In a June 27th letter from the Federal Trade Commission (FTC) to “Commercial Alert”, a self-proclaimed consumer watchdog at http://www.commercialalert.org, the FTC acknowledged that there may have been inadequate notice to users of several of the major internet search engines that some placements were paid, and not necessarily based on the best matches of the information requested. The search engines cited in the original complaint by Commercial Alert, and the 11-month long FTC investigation were, AOL, Direct Hit Technologies, iWon, LookSmart, Microsoft and Terra Lycos. Traditionally, it had been believed that search engine results were based on relevance, rather than paid advertising. In the FTC letter, Heather Hippsley, Acting Associate Director, Division of Advertising Practices, said, “Because search engines historically displayed search results based on relevancy to the search query, as determined by algorithms or other objective criteria, the staff believes that consumers may reasonably expect that the search results displayed by individual search engines are ranked in accordance with this standard industry practice - that is, based on a set of impartial factors.
Thus, a departure from the standard practice, such as a search engine's insertion of paid-for placements in the search list, may need to be disclosed clearly and conspicuously to avoid the potential for deception.” In the search engines owned by the above companies, 11 of 12 search engines placed paid listings ahead of unpaid listings that may have been more relevant results. The problem is not that the search engines collected advertising revenue, because they obviously need revenue in order to continue their services, but that they may not have clearly informed the consumer that the rankings were based on payments received, rather than the relevance of the results.

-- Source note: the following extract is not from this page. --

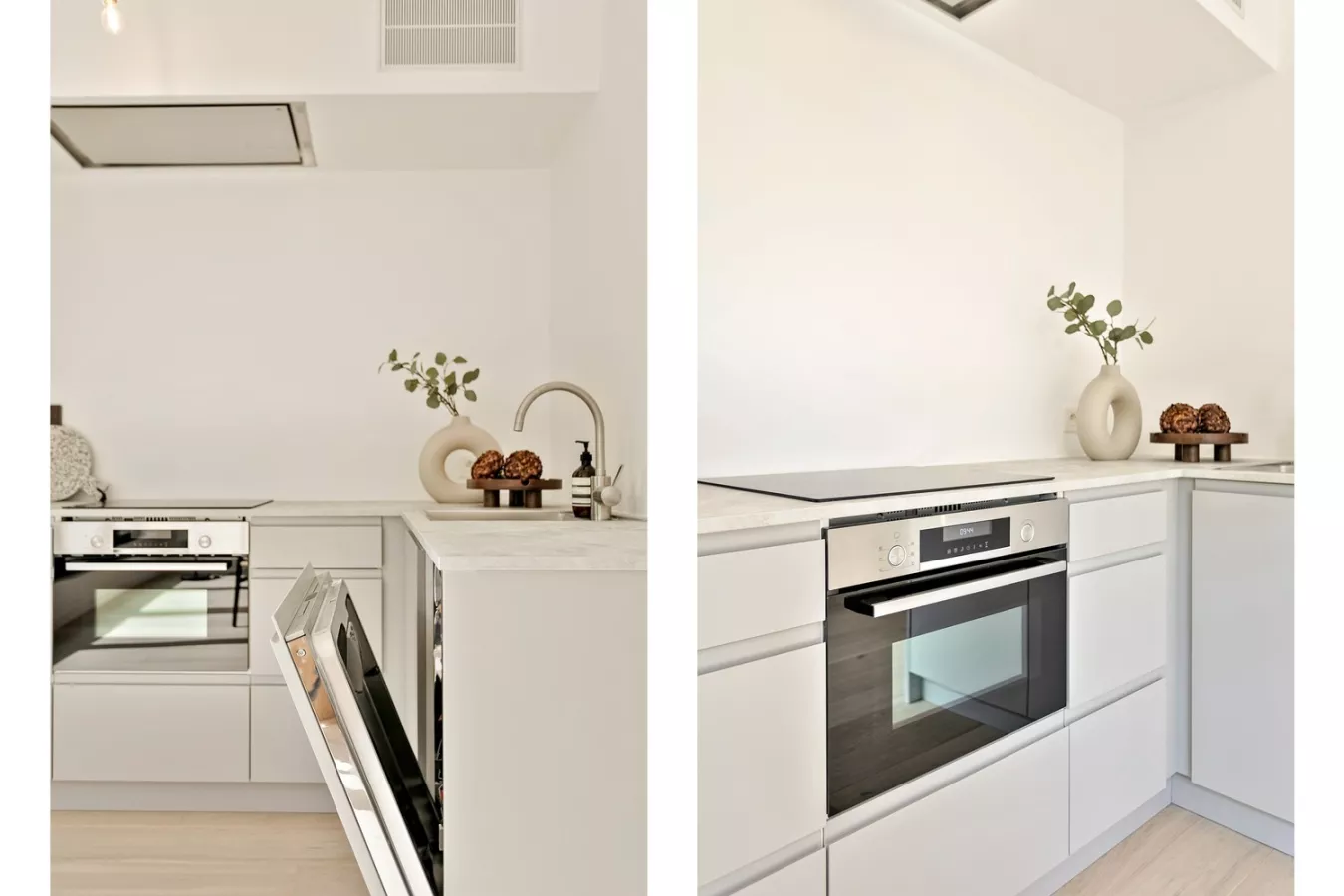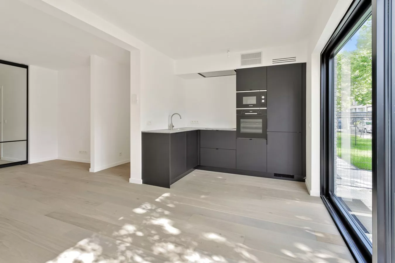 De open en lichtrijke leefruimte vormt één geheel met de prachtige zwarte open keuken. Deze keuken werd voorzien van alle toestellen en geniet bovendien van een goot schuifraam die uitgeeft op de ideale tuin aan de voorzijde.

The FTC letter also cited a May, 2002, British Broadcasting Corporation (BBC) funded survey that found that “…71% of U.K. users were unaware that some search engines let advertisers pay to get more prominent positions in search results.” In response, the BBC started its own search engine, and refuses paid listings, in order to provide results based on relevance.
If the user sees terms such as “Sponsored Links", "Sponsored Search Listings", "Recommended Sites," "Featured Listings," "Premier Listings," "Search Partners," "Start Here," "Featured Listings," "Partner Search Results," or "Spotlight," that is an indication that the listing is paid. Sadly, some search engines that solicit such payments make no indications to the user that the listings are biased based on those payments.
Some search engines not cited by the FTC, such as CNET and ZDNET, and about.com typically list the amount paid by the advertiser directly in the search engine results or in the links themselves. This is often the revenue received for a “click-through” if the user clicks on that specific link. Based on the language of the FTC letter, the FTC apparently has no complaint as long as the user is clearly made aware that the listings are paid or otherwise biased.
Search engines were not the only computer related business that may be tainted with problems. The U.S. Department of Commerce's National Institute of Standards and Technology (NIST) released a report on June 28 (http://www.nist.gov/public_affairs/releases/n02-07.htm) that says that “Software Errors Cost U.S. Economy $59.5 Billion Annually.” The cost is about equally borne by developers and users. The report went on to state that it is virtually impossible to create totally bug-free software, considering the millions of lines of code in many modern software products, but that an estimated $22.2 billion could be saved by improved testing and earlier detection and repair of such bugs. About 80% of software development costs are currently spent on identifying and correcting bugs, but still such problems are often impossible to identify until the product is in wide use. According to the report, over half of all such bugs are not found until “downstream” in development, or by the final users. The 309-page report recommended infrastructure necessities that the NIST could utilize to help improve software testing capabilities.
NIST recommends that software developers can substantially improve their products through improved testing. Standardized testing methods can be created and used to better test software, and provide users with more accurate quality comparisons.
Software is very big business. In 2000, according to the NIST report, software sales totaled $180 billion, and employed 697,000 software engineers, and 585,000 programmers. As expensive as software already is to create, publish, and distribute, with 80% of development costs already being spent to debug the software, the marginal cost to eliminate substantially more bugs may make software so expensive that a critical part of the economy may be crippled.
Based on personal experience, as well as the many callers to my weekly radio shows, it is impossible for software developers to be able to make their products function flawlessly on the near infinite permutations of computer hardware available, as well as the myriad of software combinations that may be running on a computer at any given time. What works apparently flawlessly on my computer, may run poorly on your computer. Is this variation due to the differences in hardware and software on our machines? That is the more likely scenario than a specific program has such enormous bugs that it fails frequently.